If you want to use a simple launch by passing Luigi parameters through a configuration file:
- Fill the 'luigi_config.cfg' file with correct data.
- Then run the script 'luigi_pipeline.py'.
Files location:
./📂Luigi_ETL
└── 📁Pipeline
├── 📄luigi_pipeline.py
└── 📁My_Beautiful_Tasks.py
└── 📁Configuration
└── 📄luigi_config.cfg
Please note that rows with optional parameters can be removed from the 'luigi_config' if you do not need them.
Example of run script:
python3 -B -m .luigi_pipeline.py
First you need to replace the variable 'build' to variable 'run' in 'Pipeline_launcher.py' script,
with removing all the parameters passed to it.
Then you need to clear all parameters in Luigi's task instances that are called in 'luigi_pipeline.py' script.

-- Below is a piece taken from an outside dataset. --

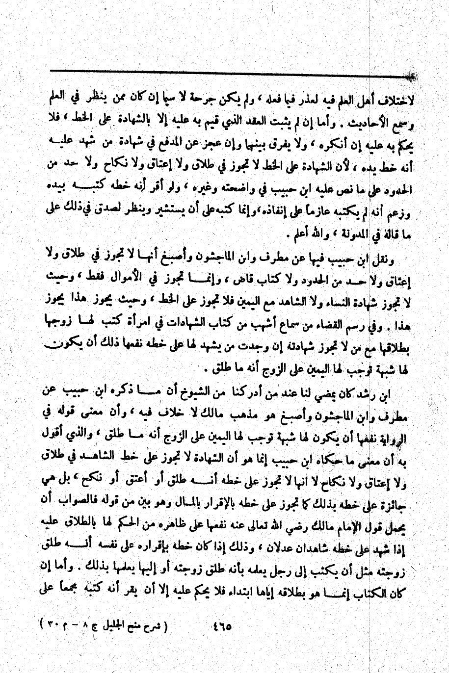 وَنَقَلَ ابْنُ حَبِيبٍ فِيهَا عَنْ مُطَرِّفٍ وَابْنِ الْمَاجِشُونِ وَأَصْبَغَ أَنَّهَا لَا تَجُوزُ فِي طَلَاقٍ وَلَا إعْتَاقٍ وَلَا حَدٍّ مِنْ الْحُدُودِ وَلَا كِتَابِ قَاضٍ، وَإِنَّمَا تَجُوزُ فِي الْأَمْوَالِ فَقَطْ وَحَيْثُ لَا تَجُوزُ شَهَادَةُ النِّسَاءِ وَلَا الشَّاهِدُ مَعَ الْيَمِينِ فَلَا تَجُوزُ عَلَى الْخَطِّ، وَحَيْثُ يَجُوزُ هَذَا يَجُوزُ هَذَا. وَفِي رَسْمِ الْقَضَاءِ مِنْ سَمَاعِ أَشْهَبَ مِنْ كِتَابِ الشَّهَادَاتِ فِي امْرَأَةٍ كَتَبَ لَهَا زَوْجُهَا بِطَلَاقِهَا مَعَ مَنْ لَا تَجُوزُ شَهَادَتُهُ إنْ وَجَدَتْ مَنْ يَشْهَدُ لَهَا عَلَى خَطِّهِ نَفَعَهَا ذَلِكَ أَنْ يَكُونَ لَهَا شُبْهَةٌ تُوجِبُ لَهَا الْيَمِينَ عَلَى الزَّوْجِ أَنَّهُ مَا طَلَّقَ. ابْنُ رُشْدٍ كَانَ يَمْضِي لَنَا عِنْدَ مَنْ أَدْرَكْنَا مِنْ الشُّيُوخِ أَنَّ مَا ذَكَرَهُ ابْنُ حَبِيبٍ عَنْ مُطَرِّفٍ وَابْنِ الْمَاجِشُونِ وَأَصْبَغَ هُوَ مَذْهَبُ مَالِكٍ لَا خِلَافَ فِيهِ، وَأَنَّ مَعْنَى قَوْلِهِ فِي الرِّوَايَةِ نَفَعَهَا أَنْ يَكُونَ لَهَا شُبْهَةٌ تُوجِبُ لَهَا الْيَمِينَ عَلَى الزَّوْجِ أَنَّهُ مَا طَلَّقَ، وَاَلَّذِي أَقُولُ بِهِ أَنَّ مَعْنَى مَا حَكَاهُ ابْنُ حَبِيبٍ إنَّمَا هُوَ أَنَّ الشَّهَادَةَ لَا تَجُوزُ عَلَى خَطِّ الشَّاهِدِ فِي طَلَاقٍ وَلَا إعْتَاقٍ وَلَا نِكَاحٍ لَا أَنَّهَا لَا تَجُوزُ عَلَى خَطِّهِ أَنَّهُ طَلَّقَ أَوْ أَعْتَقَ أَوْ نَكَحَ، بَلْ هِيَ جَائِزَةٌ عَلَى خَطِّهِ بِذَلِكَ كَمَا تَجُوزُ عَلَى خَطِّهِ بِالْإِقْرَارِ بِالْمَالِ وَهُوَ بَيِّنٌ مِنْ قَوْلِهِ فَالصَّوَابُ أَنْ يُحْمَلَ قَوْلُ الْإِمَامِ مَالِكٍ - رَضِيَ اللَّهُ تَعَالَى عَنْهُ - نَفَعَهَا عَلَى ظَاهِرِهِ مِنْ الْحُكْمِ لَهَا بِالطَّلَاقِ عَلَيْهِ إذَا شَهِدَ عَلَى خَطِّهِ شَاهِدَانِ عَدْلَانِ، وَذَلِكَ إذَا كَانَ خَطُّهُ بِإِقْرَارِهِ عَلَى نَفْسِهِ أَنَّهُ طَلَّقَ زَوْجَتَهُ مِثْلَ أَنْ يَكْتُبَ إلَى رَجُلٍ يُعْلِمُهُ بِأَنَّهُ طَلَّقَ زَوْجَتَهُ أَوْ إلَيْهَا يُعْلِمُهَا بِذَلِكَ.
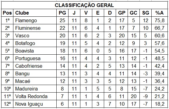 Fonte: NETVASCO (texto, classificação geral), GloboEsporte.com (classificação, resultados), Twitter FFERJ (próximos jogos)

After that, you can start Luigi by passing parameters through the terminal, or using a 'start_luigi_etl_pipeline.sh' script.
Files location:
./📂Luigi_ETL
└── 📁Pipeline
├── 📄luigi_pipeline.py
├── 📄start_luigi_etl_pipeline.sh
└── 📁My_Beautiful_Tasks
└── 📄Pipeline_launcher.py
If Your OS has a bash shell the ETL pipeline can be started using the bash script:
./start_luigi_etl_pipeline.sh
The script contains an example of all the necessary arguments to run.
To launch the pipeline through this script, do not forget to make it executable.
chmod +x ./start_luigi_etl_pipeline.sh
The script can also be run directly with python.
Example of run script:
python3 -B -m luigi_pipeline Load.LoadTask --local-scheduler \
--ExternalData.ExternalData-external-data-path "~/luigi_tasks/ExternalData" \
\
--Extract.ExtractTask-extract-data-path "~/luigi_tasks/ExtractTask" \
--Extract.ExtractTask-extract-file-mask "csv" \
--Extract.ExtractTask-external-data-file-mask "csv" \
--Extract.ExtractTask-drop-list "['column_drop_name', 'column_to_delete']" \
\
--Transform.TransformTask-file-to-transform-path "~/luigi_tasks/TransformTask" \
--Transform.TransformTask-transform-file-mask "json" \
--Transform.TransformTask-transform-parsing-rules-drop "{'column_to_drop': [False, 'NaN', 0]}" \
--Transform.TransformTask-transform-parsing-rules-filter "{'column_to_filter': ['drop_if_not_in_vip', 'drop_too'], 'filter_too': ['0']}" \
--Transform.TransformTask-transform-parsing-rules-vip "{'data_to_save_like_vip': ['vip_value_1, vip_value_2'], 'save_too': ['vip_value_3']}" \
--Transform.TransformTask-date-path-part $(date +%F --date "2022-12-01") \
\
--Load.LoadTask-load-data-path "~/luigi_tasks/LoadTask" \
--Load.LoadTask-load-file-mask "parquet"
The example above shows the launch of all tasks.
Tests are embedded inside the pipeline.
Thank you for your interest in my work.